## Exercise details
Could you copy exactly the lines below from the one with "веревочная лестница |" to the one with "Chaise louis à", inclusive, leaving out any pictures?
Record excerpts Start Marker
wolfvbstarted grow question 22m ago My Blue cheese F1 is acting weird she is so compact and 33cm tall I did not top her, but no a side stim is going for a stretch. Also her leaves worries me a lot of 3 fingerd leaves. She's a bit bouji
Record excerpts End Marker
Record excerpts Start Marker
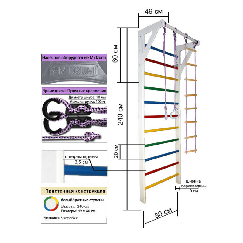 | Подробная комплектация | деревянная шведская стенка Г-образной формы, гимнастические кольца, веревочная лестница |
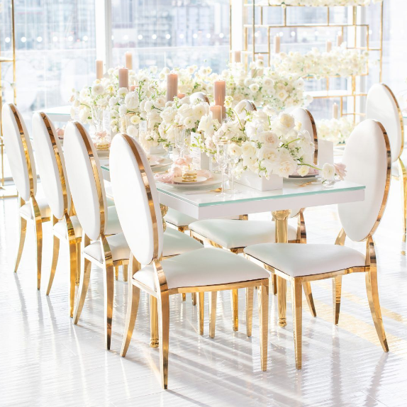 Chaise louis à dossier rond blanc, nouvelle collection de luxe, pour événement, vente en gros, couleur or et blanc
Record excerpts End Marker
Record excerpts Start Marker
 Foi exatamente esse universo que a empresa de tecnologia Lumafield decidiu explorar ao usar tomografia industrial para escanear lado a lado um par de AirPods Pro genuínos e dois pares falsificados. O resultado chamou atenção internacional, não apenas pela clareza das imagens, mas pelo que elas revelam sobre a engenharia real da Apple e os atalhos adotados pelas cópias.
Record excerpts End Marker
## Answer to the problem
 | Подробная комплектация | деревянная шведская стенка Г-образной формы, гимнастические кольца, веревочная лестница |
 Chaise louis à dossier rond blanc, nouvelle collection de luxe, pour événement, vente en gros, couleur or et blanc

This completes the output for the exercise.